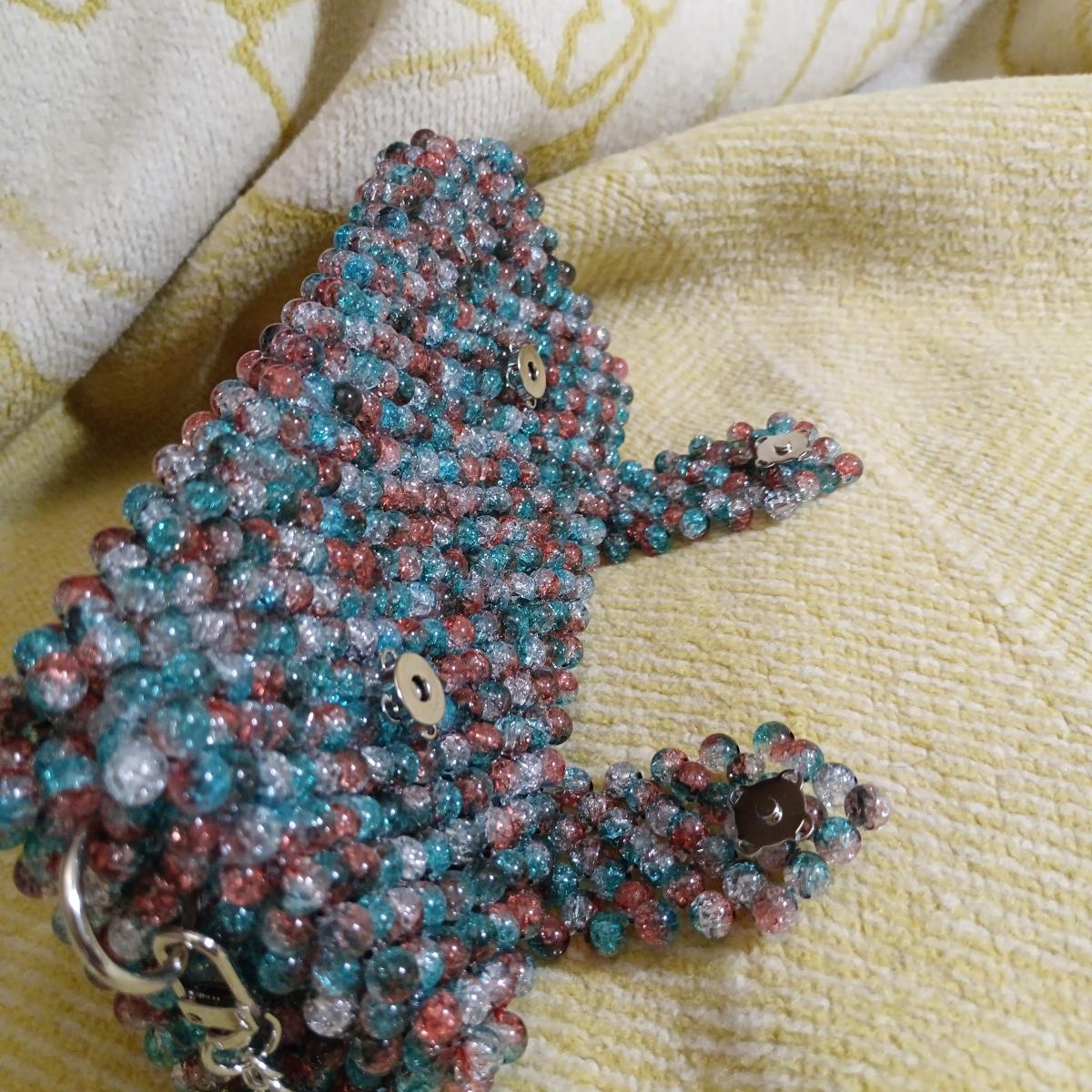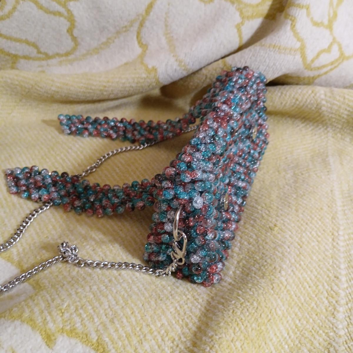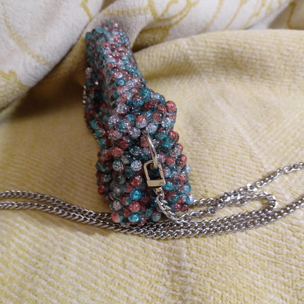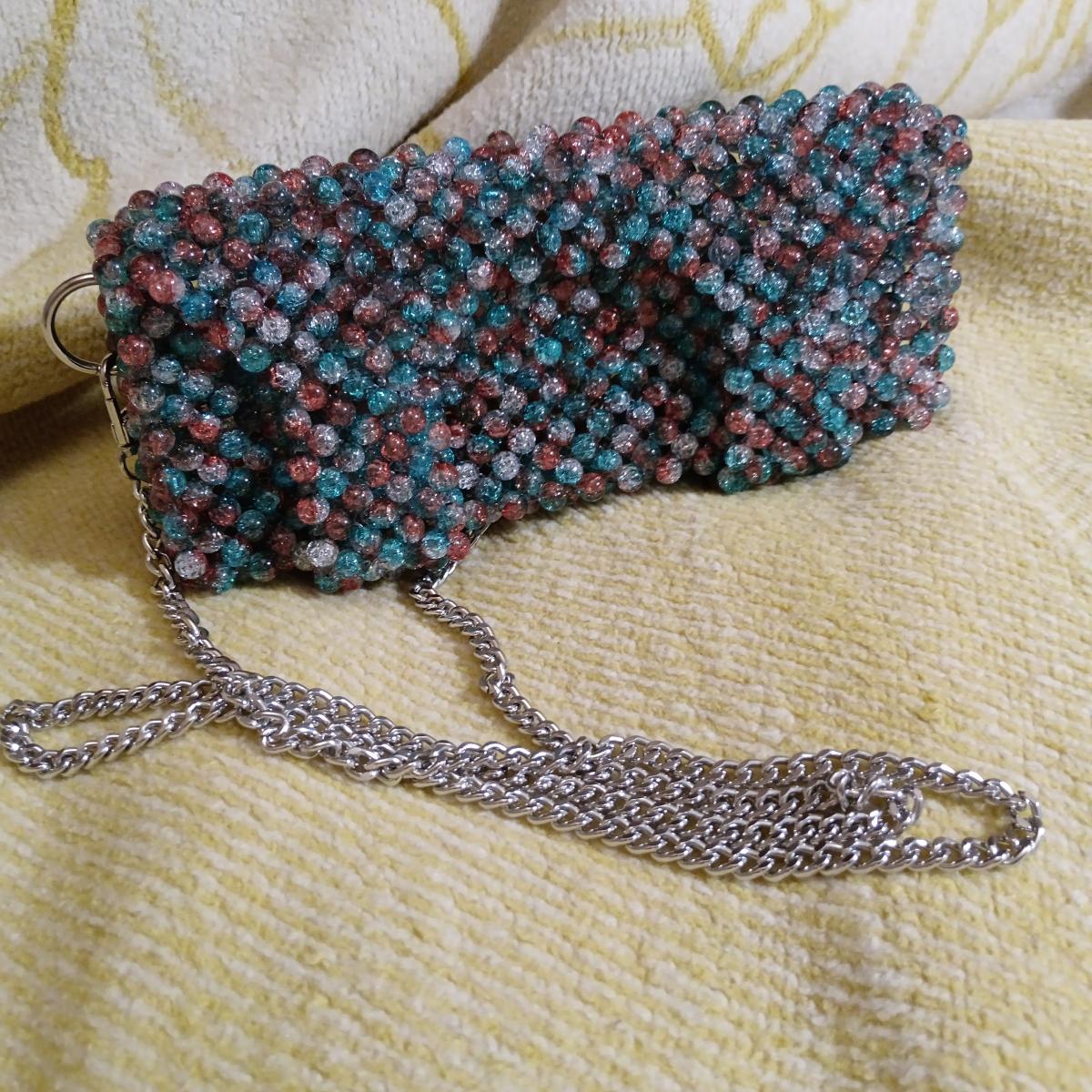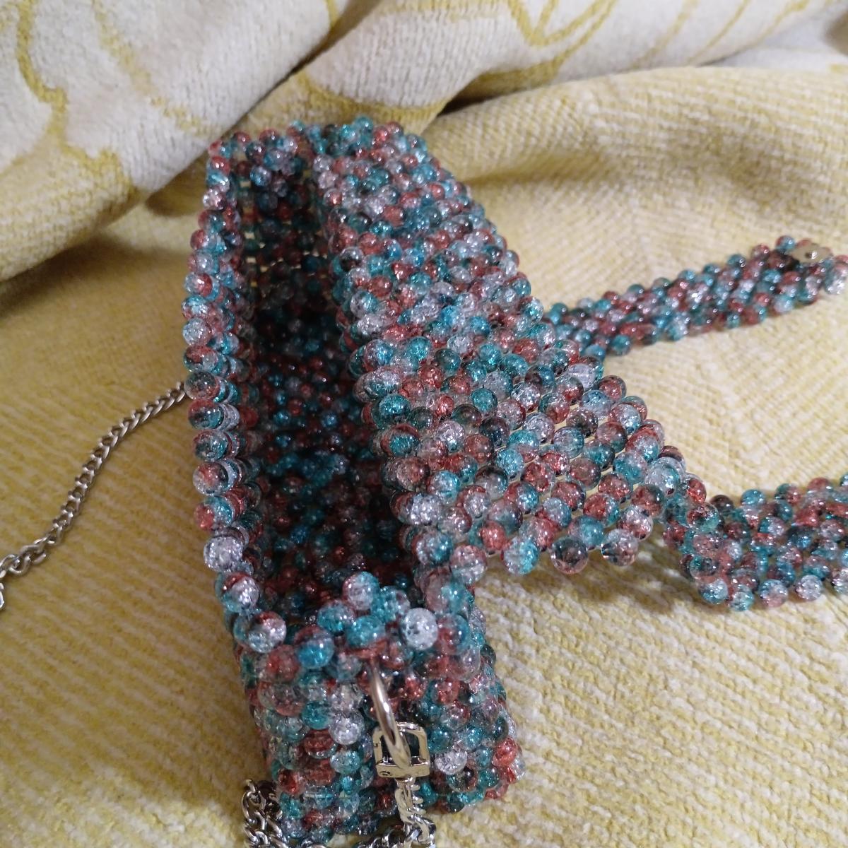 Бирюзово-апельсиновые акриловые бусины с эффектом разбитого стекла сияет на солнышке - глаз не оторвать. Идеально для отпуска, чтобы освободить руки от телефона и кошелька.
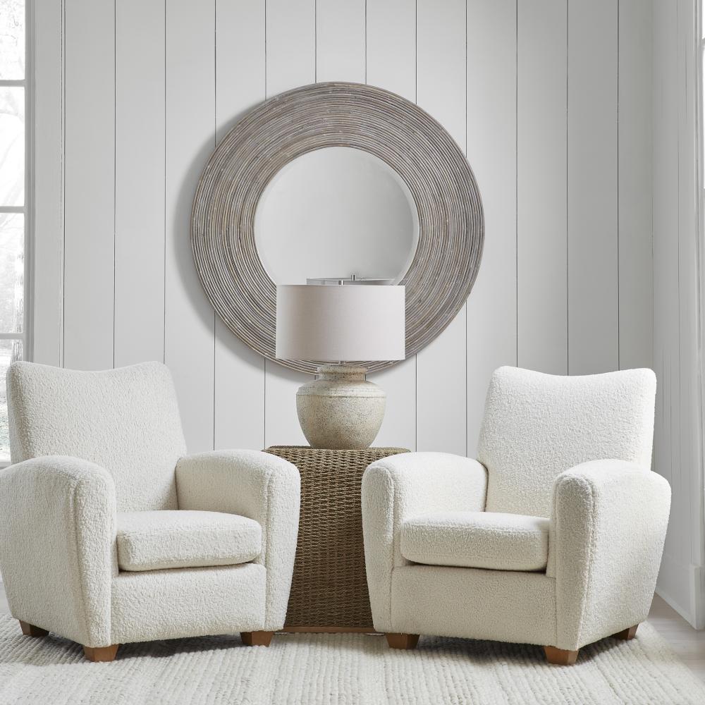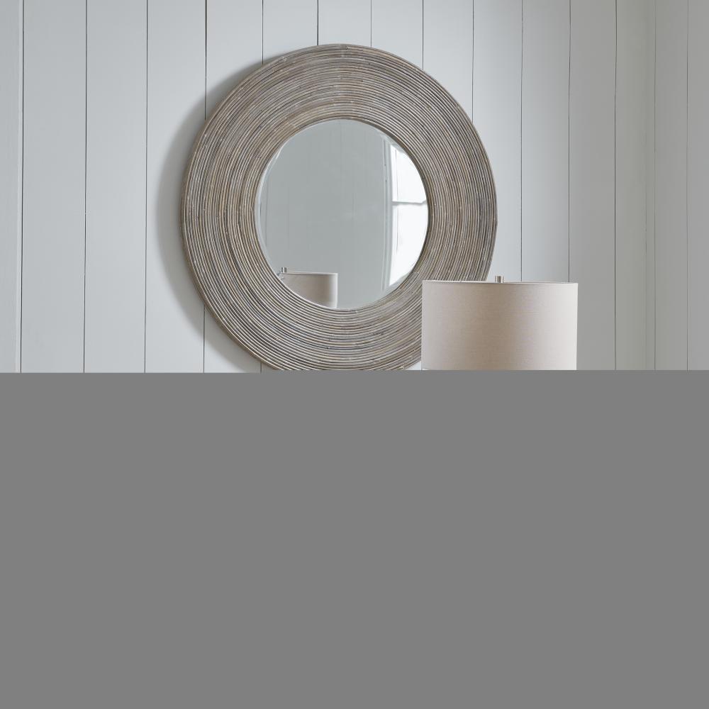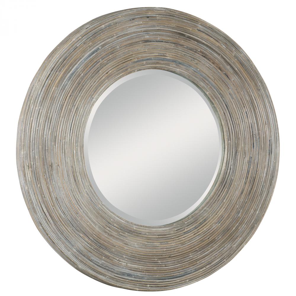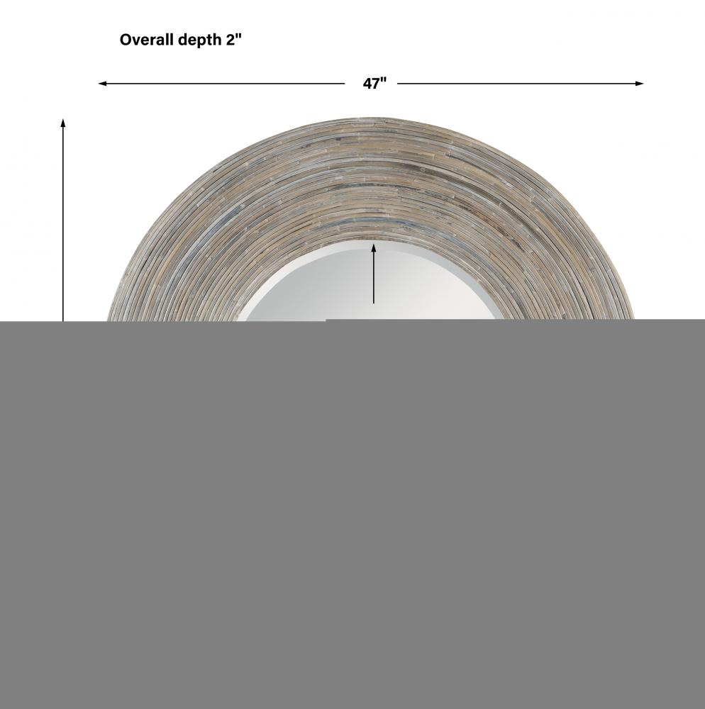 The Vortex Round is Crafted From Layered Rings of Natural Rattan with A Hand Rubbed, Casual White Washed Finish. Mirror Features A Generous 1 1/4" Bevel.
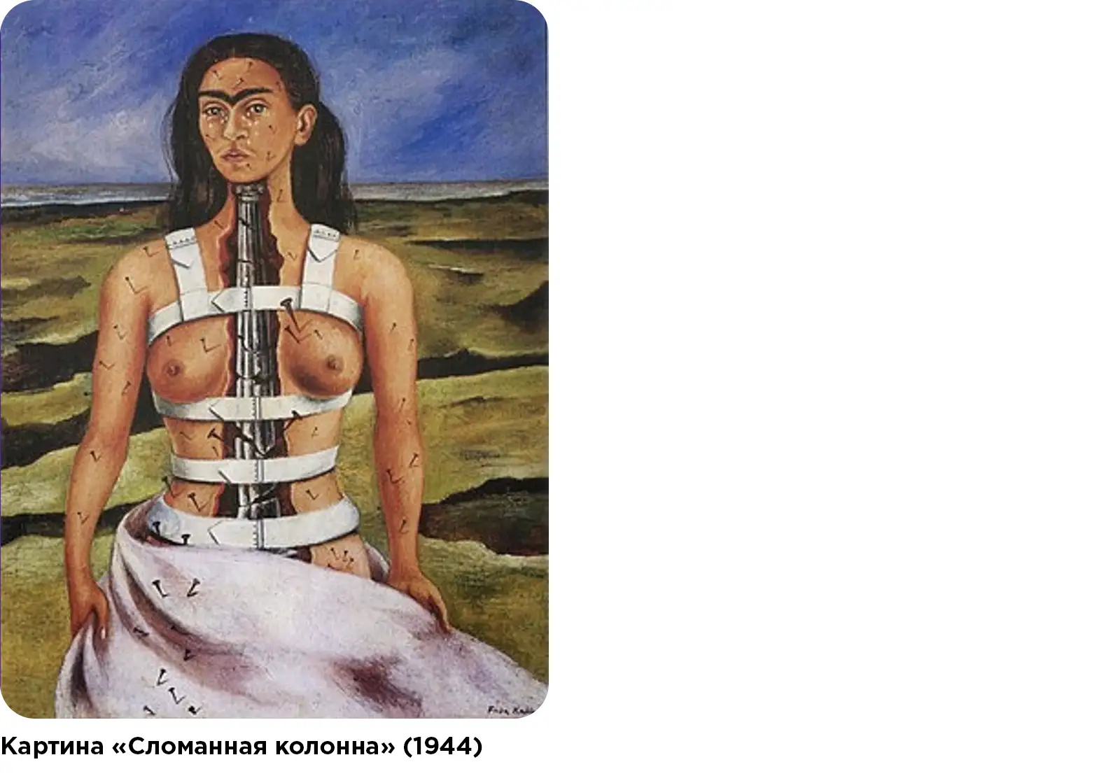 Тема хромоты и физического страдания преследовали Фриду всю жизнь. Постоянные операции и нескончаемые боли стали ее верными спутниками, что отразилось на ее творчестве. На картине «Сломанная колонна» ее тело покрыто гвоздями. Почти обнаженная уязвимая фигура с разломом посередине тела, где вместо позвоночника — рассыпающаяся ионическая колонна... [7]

--------------------------------

What you need to do: From the first line of the material down to the line containing "The Vortex Round", inclusive, return each line exactly, skipping any picture.

Task answer:
 Бирюзово-апельсиновые акриловые бусины с эффектом разбитого стекла сияет на солнышке - глаз не оторвать. Идеально для отпуска, чтобы освободить руки от телефона и кошелька.
 The Vortex Round is Crafted From Layered Rings of Natural Rattan with A Hand Rubbed, Casual White Washed Finish. Mirror Features A Generous 1 1/4" Bevel.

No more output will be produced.